Yates cuts gap from 3m 22s to 1m 42s during the 13th stage

Mitchelton Scott's Simon Yates adjusts his helmet as he waits for the start of the 12th stage of the 73rd edition of 'La Vuelta' Tour of Spain on September 6, 2018
Image: Simon Yates surrendered the overall lead on Thursday after stage 12

Oscar Rodriguez won the 13th stage of the Vuelta a Espana on Friday as Britain's Simon Yates trails leader Jesus Herrada for the red jersey.

Rodriguez, 23, is riding his first grand tour but he made his mark by freeing himself from a small breakaway group in the final stretch of the summit of the La Camperona mountain, battling against gradients of 24 per cent.
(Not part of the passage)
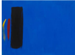
Title: Wait Date: 2003 Medium: Acrylic on Canvas
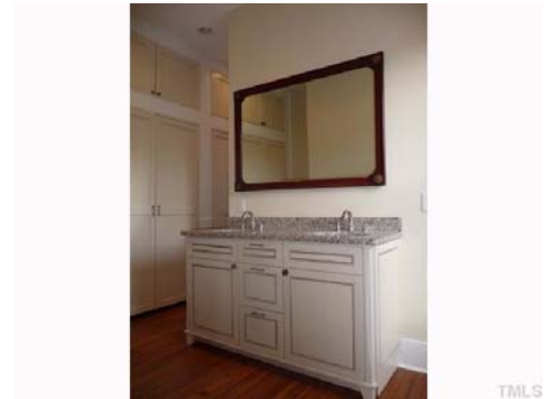
The new double vanity, closet wall and shower (pictured below) were added in 2011.

Rodriguez finished 19 seconds ahead of runner-up Rafal Majka of Poland and half a minute clear of third-placed Dylan Teuns of Belgium.

Majka admitted to being taken by surprise by upstart Rodriguez's late burst of energy.

"I'm surprised by this guy because in the end, when he caught me with Teuns, I still had good legs, but this guy when he was coming, he was coming really fast, this is cycling," Majka said.

The Spaniard added: "I didn't believe I was going to win until the very end, I still can't believe it."

Race leader Herrada struggled in the mountains after going for broke in Thursday's flat stage to lift the leader's red jersey from Yates, and his gap over the Briton was cut down from three minutes 22 seconds at the start of the stage to one minute 42 seconds.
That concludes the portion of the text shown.